Anyone who has taught an introductory logic course will be familiar with the difficulties students have regarding how to properly translate "unless" into propositional logic. The correct translation of "F unless G" is:
T1. F v G
(Athough it is surprising how many supposedly professional logic teachers get this wrong). We often motivate this translation in terms of various inferences we make with "unless", taking advantage of the fact that T1 is logically equivalent to both:
T2. ~ F -> G
T3. ~ G -> F
in classical logic. By DeMorgans, the disjunctive translation of "unless' is also classically equivalent to:
T4. ~ (~ F & ~ G)
Now, here is the puzzle: How should the intuitionistic logician translate "F unless G"? Note that each of the four options is intuitionistically distinct from the other three.

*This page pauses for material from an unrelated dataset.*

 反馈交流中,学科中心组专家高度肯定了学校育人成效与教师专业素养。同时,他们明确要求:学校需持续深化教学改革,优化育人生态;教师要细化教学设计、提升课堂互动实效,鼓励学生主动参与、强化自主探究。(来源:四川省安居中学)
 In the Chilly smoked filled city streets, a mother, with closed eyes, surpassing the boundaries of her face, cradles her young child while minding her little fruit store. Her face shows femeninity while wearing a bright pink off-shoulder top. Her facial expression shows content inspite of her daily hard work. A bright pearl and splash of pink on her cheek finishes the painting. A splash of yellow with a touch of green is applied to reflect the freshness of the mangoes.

The initial temptation to go with the simplest (and 'strongest') translation (T1) conflicts with the thought that the "un" in "unless" suggests the presence of negation. A more sophisticated approach is to examine inferences that intuitionists make with "unless" and determine which translation is supported. Now, all four translations support the following inferences:
I1a. F unless G, not-F, therefore not-not-G.

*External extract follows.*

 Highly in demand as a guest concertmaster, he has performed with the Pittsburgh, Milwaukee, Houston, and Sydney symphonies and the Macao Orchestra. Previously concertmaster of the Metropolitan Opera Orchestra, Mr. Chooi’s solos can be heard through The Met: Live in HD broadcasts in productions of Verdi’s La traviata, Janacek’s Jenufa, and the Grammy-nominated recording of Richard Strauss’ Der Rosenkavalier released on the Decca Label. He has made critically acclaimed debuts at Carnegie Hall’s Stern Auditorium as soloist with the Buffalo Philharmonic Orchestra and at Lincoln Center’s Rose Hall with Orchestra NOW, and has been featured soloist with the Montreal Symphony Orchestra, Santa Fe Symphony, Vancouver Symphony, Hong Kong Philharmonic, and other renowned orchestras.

I2a. F unless G, not-G, therefore not-not-F.
The question then becomes whether "unless" intuitionistically supports the following stronger inference rules:
I1b. F unless G, not-F, therefore G.
I2b. F unless G, not-G, therefore F.
T1 supports both inferences, T2 supports I1b but not I2b, T3 supports I2b but not I1b, and T4 supports neither I1b nor I2b.
So, how should intuitionists translate "unless"?